A poll earlier this year found that only 45% of Scots wanted to keep the monarchy after the death of the Queen - a demographic that, like support for the Union itself, skews heavily towards older people, heavily towards a cohort which is already starting to thin in numbers.
But does anyone think Charles III will be as popular as Elizabeth II? That he will bring about a new era of popularity for an institution that, beyond what's now a memory of the Queen, has been most famous of late for the scandals around Prince Andrew and Meghan Markle?
The 'great generation'
If Winston Churchill was the founding father of the British nation that emerged from the Empire after the Second World War, then Elizabeth Windsor was its much younger founding mother. Old enough, just, to have served in the war effort - she famously qualified as an auto mechanic in April 1945, just before her 19th birthday - she came to represent a whole generation in the minds of much of the British public. A demographic known as 'the great generation', because of their victory in the war, and the public services they built afterwards.
As long as she was alive, that generation lived on. Care homes for the elderly continued to play Vera Lynn war songs to their charges, despite most of them now having grown up post-war, with Elvis, the Beatles or the Stones. Retired baby boomers sit at home watching endless documentaries about a world war they like to imagine they were almost involved in, because perhaps they can just about remember rationing.
And so the ache in the hearts of so many people across the UK isn't just a sadness at the death of a frail elderly woman most had never met, though of course it's easier to feel because it is that too. It's the ache at the passing of an era of British history, of a connection to that past.

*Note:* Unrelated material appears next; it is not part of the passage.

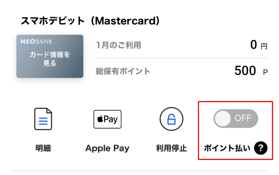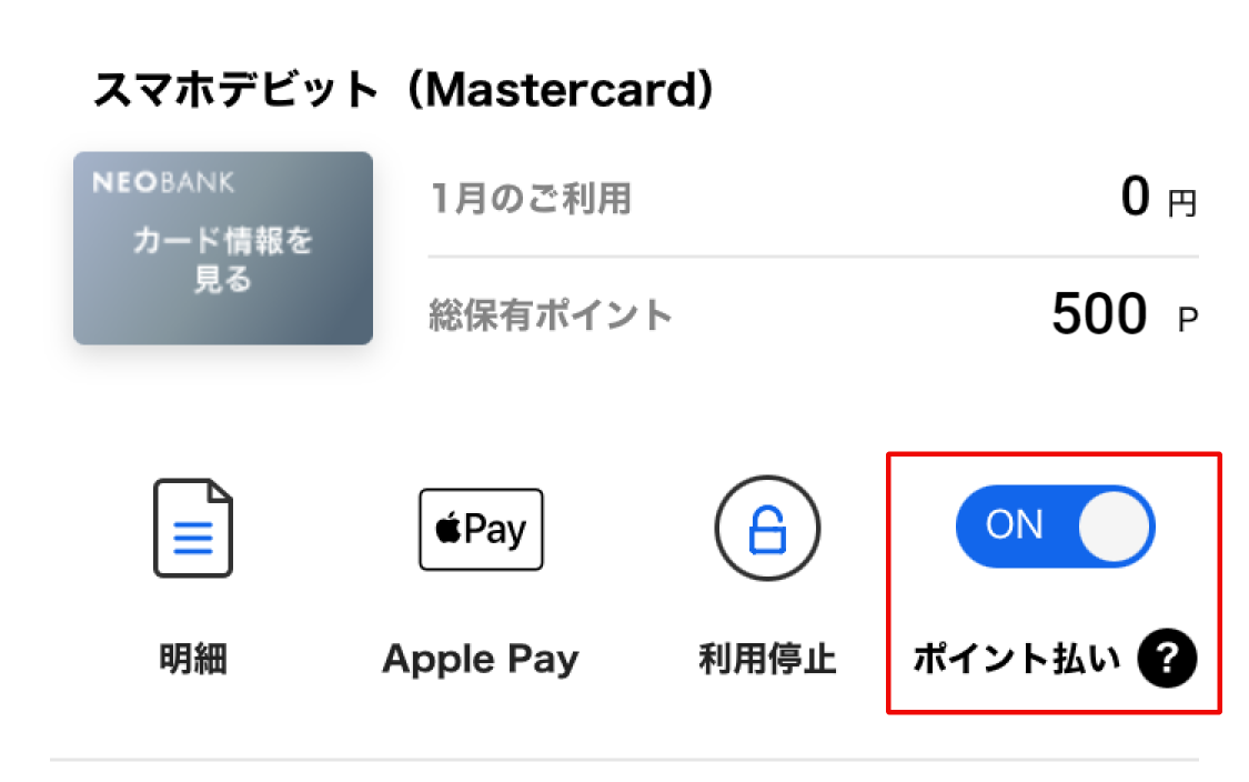 貯まったポイントは、デビットカードでのお支払い時に1ポイント1円換算でご利用いただけます。ご利用方法は下記をご確認ください。

But if this feeling was common, it was never universal. Royalist sentiment has long been much weaker in Scotland, in particular, where folk songs and national myths about the Jacobites still abound, not creating a desire to restore the Stuart line - in reality, they were terrible kings, deeply implicated in the transatlantic slave trade - but in a sense that the Windsors aren't really ours, and that the whole monarchy thing is a bit silly.

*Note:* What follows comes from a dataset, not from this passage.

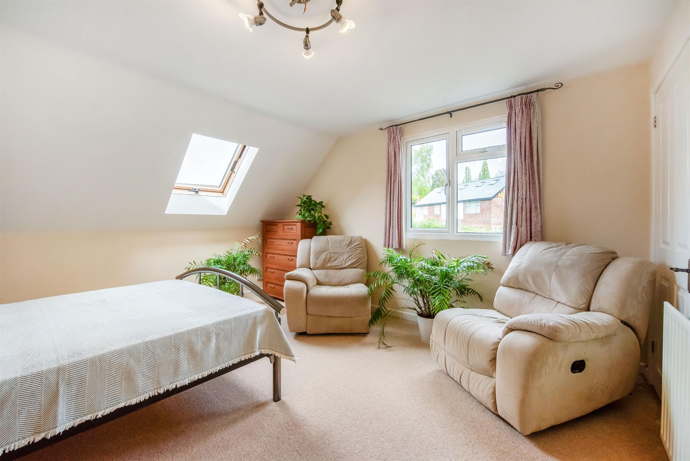 Double glazed Velux style window as well as additional double glazed window to front aspect. Radiator. Built-in storage cupboards. A range of built-in wardrobes providing additional useful storage.
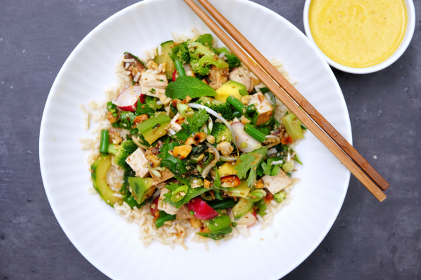 Divide the rice between your bowls, top with the mixed salad. Sprinkle the seeds over the top and added coriander. Drizzle any remaining marinade over the top. Serve with the carrot sauce.

The consequence, then, was two competing national myths: feelings of connection, on the one hand, to a Britishness rooted in wartime; and, on the other, to a Scottishness that, particularly since devolution, has felt somehow easier to reinvent - a Scottishness convened less around aristocratic hierarchies and feudal performances, and more around democratic institutions and mediated debate.
British nostalgia
Sometimes, and for some people, these British and Scottish identities could slot together like Russian dolls. But increasingly often, events force them directly into conflict. And in that competition, affection for the Queen, and the post-war version of Britain that she animated, played an important role. In the final days of the 2014 Scottish independence referendum, desperate unionists evoked her image in an attempt to woo waverers back.
Charles, whatever his personal merits or demerits, can't play the same role. A baby boomer, he evokes none of the same emotional connection to the war, and has none of the capacity to animate those deep feelings of British nostalgia.
Similar stories can be told across the domains. In Northern Ireland, Loyalism to the Crown will of course continue - its roots are much older. But the British nation's reach into the souls of the Northern Irish population, already shaky since Brexit, has lost some of its grip from the death of Elizabeth. Australia elected a republican government earlier this year, and could well now hold a referendum on keeping the monarchy, while many of the remaining Caribbean realms seem likely to follow Barbados, which replaced the Queen as head of state last year.
Because Elizabeth died at Balmoral, Scotland has played a central role in the funereal pageantry, which has provided a rally for Royalism and, in the short term, may even boost feelings of Britishness and so support for the Union. But as the reality of a Britain under King Charles III sets in, and myths about the Britain of the Second World War retreat into the graves of those who remember it, British nationalism will have either to reinvent itself, or to use increasing force to assert itself.
Under its new authoritarian prime minister, the latter seems more likely.